The result set stored in the result
variable is a list structure where the elements are tuples. Each item
in the outer structure (list) corresponds to one row in the result set. Each row is presented as a tuple where the
items are the field values in the order they were written in the SELECT
statement.
The result set of the example can be visualized as follows:
After this the result set can be processed the same way as lists. In the example each row that corresponds
to an employee is made into an employee object. The created objects are gathered in the employees
object
list that is returned as the return value of the method.
Executing UPDATE
, INSERT
and DELETE
statements that modify data is more straightforward than completing
search queries. This is because there is no need to process a result set. With these operations the database
server only returns the information of how many records were modified.

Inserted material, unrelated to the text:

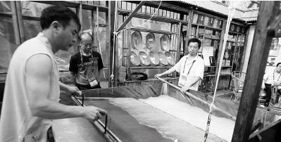 “這紙耐高溫,防蟲蛀,千年不變黃……”15日,在深圳文博會4號館非物質文化遺產展區的江西鉛山展臺,工作人員現場表演用古老而巨大的撈紙機,“生產”有名的“連四紙”,這種紙已經流傳了1200年。

Let’s take a look at changing an employee’s salary as an example. Notice that in this example the salary value in the database is updated directly. For a single employee, the change could alternatively be done so that the employee record would first be fetched from the database, the change would be done on the Python level to the object and finally the updated state of the object would be updated to the database. However, this is not done in the example below.
Let’s write another global function for updating the salary information. The function builds and executes the
corresponding UPDATE
statement:
def update_salary(number, new_salary):
sql = f"UPDATE Employee SET Salary={new_salary} WHERE Number={number}"
print(sql)
cursor = connection.cursor()
cursor.execute(sql)
if cursor.rowcount==1:
print("Salary updated")
The main program is extended by adding a statement for reading input and a call to the function:
number = int(input("Enter number: "))
new_salary = float(input("Enter new salary: "))
update_salary(number, new_salary)
The function we added confirms that the change was made to the database:
Enter number: 2
Enter new salary: 3456
UPDATE Employee SET Salary=3456.0 WHERE Number=2
Salary updated
A successful update can be confirmed directly from the database by using a database editor.